Simulators, he adds, are becoming essential. “It’s almost impossible to collect the amount of physical data needed to train these systems. So high-fidelity simulators are critical.”
Omniscia surgical imaging platform
Tim cites some of CC’s work in this area, including Omniscia, a surgical imaging platform that delivers four-times super-resolution and real-time distortion correction in just 12 milliseconds. “That’s faster than human perception,” he says. “It means a robot can respond to physical events – like not falling over – in real time.”
He also refers to our work in autonomous collaborative drone fleets, which applied hierarchical reinforcement learning. “We trained a multi-agent system to allow drones to collaborate and avoid collisions. But when we moved from simulation to the real world, we had to account for things like wind disturbance. It taught us a huge amount.”
The physical AI revolution is also being enabled by advancements in physical technologies: “The electric vehicle industry has driven down battery costs by 80% in the last decade. We’ve seen major advances in electric motors and sensors, like solid-state LiDARs that are compact and efficient.”
Tim Ensor’s most passionate argument for why we will see humanoid robots as an essential part of the physical AI revolution is simply that the built environment is made for humans. So if we want robots to operate in our world, they need to look and move like us.
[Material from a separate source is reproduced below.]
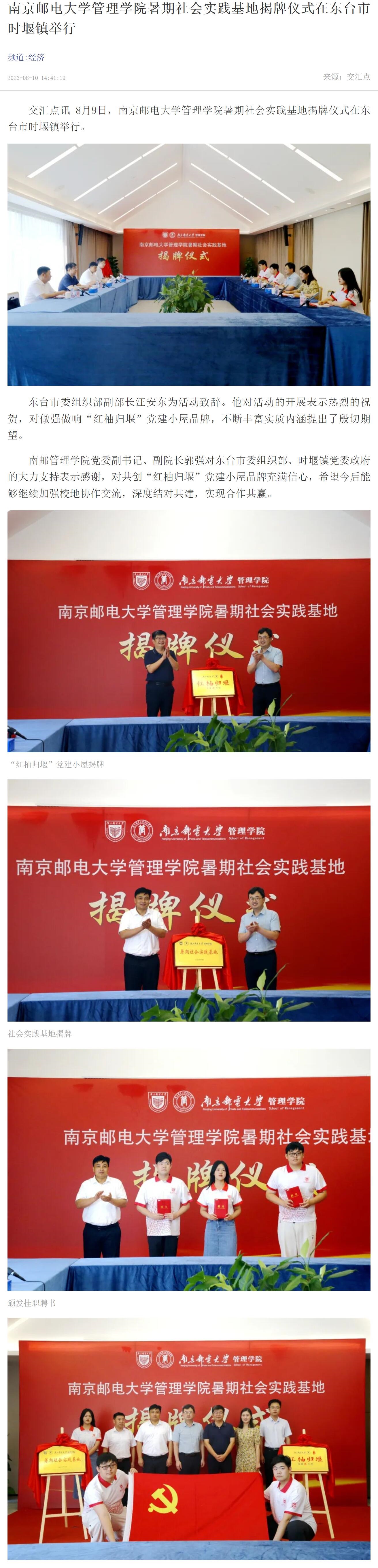 【新华日报客户端】南京邮电大学管理学院暑期社会实践基地揭牌仪式在东台市时堰镇举行

Although robots have long been used for dull, dirty, and dangerous jobs, we’ve only scratched the surface: “To go further, we need robots that are flexible – able to do multiple tasks and adapt to different environments.
“Take warehouse logistics. One of the last jobs in many warehouses is taking packages off the conveyor and loading them into lorries. It’s freezing in winter, boiling in summer, and back-breaking work. It’s hard to retain staff. While there are robot start-ups trying to solve this problem it seems perfectly suited to humanoids.”
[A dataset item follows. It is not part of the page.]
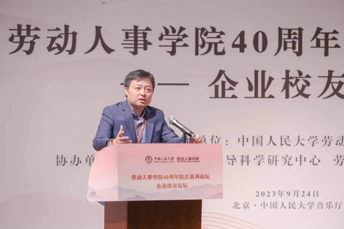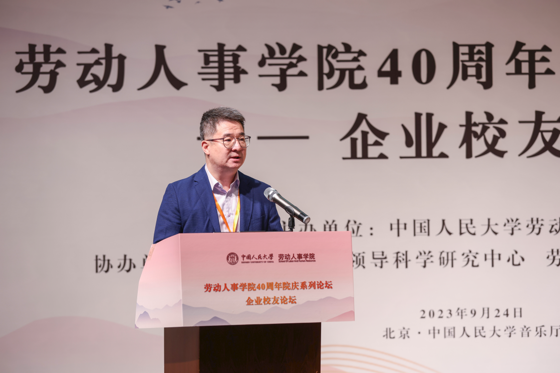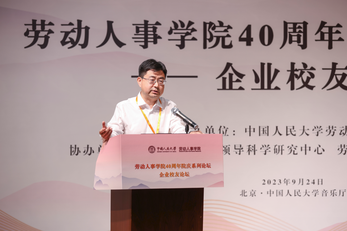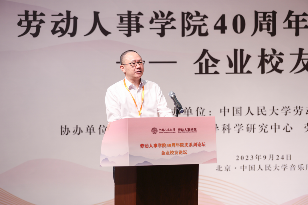 免费黄色网站 党委副书记郑水泉教授为论坛致词。郑水泉代表学校向劳人院全体师生校友致以问候和祝贺,强调了免费黄色网站 40年来在人力资源管理领域人才培养、学术研究、智库建设等方面的贡献,希望免费黄色网站 在未来发展建设中始终面向人力资源领域创新前沿,面向国家和社会所需、学校改革发展所盼。郑水泉表示校友是学校的宝贵财富,对各位嘉宾的到来表示特别的感谢和欢迎,希望通过此次校友论坛实现思想智慧分享和资源双向互动,共同探讨中国企业高质量发展之路,对本届论坛圆满举办寄予厚望。
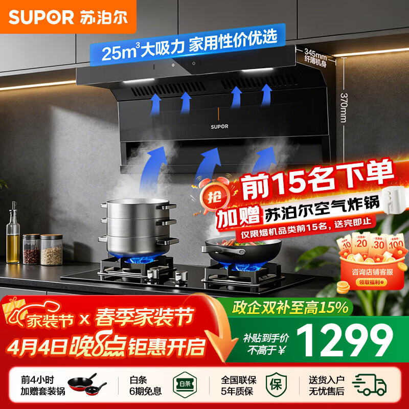 苏泊尔(SUPOR)顶侧双吸油烟机家用抽烟机厨房25m³爆炒大吸力智控烟机顶侧吸烟机PL11 【高性价单烟机】25m³顶侧双吸烟机PL11

Applying humanoid robotics
Looking ahead, Tim points to broader applications. “There are shortages of pharmacists, food manufacturing workers – many roles where humanoid robots could help. The workplace is built for humans, and these technologies can support them.”
Experts predict a global population of 13 million humanoids within a decade – more than most European countries. The market could be worth £5 trillion, exceeding the combined sales of the world’s top 20 vehicle manufacturers. Yet Europe is lagging. “Of the leading companies in humanoid robotics, only one or two are European. The US and China are dominating. If Europe doesn’t act, it will be left behind,” warns Tim.
“I think there’s a need for national strategies to include robotics. The UK’s AI strategy is excellent, but it barely mentions robots. We need to evolve our thinking to include the impact of robotics on society.
2025 is a turning point. What we do now will shape the future of robotics – and society – for decades to come.”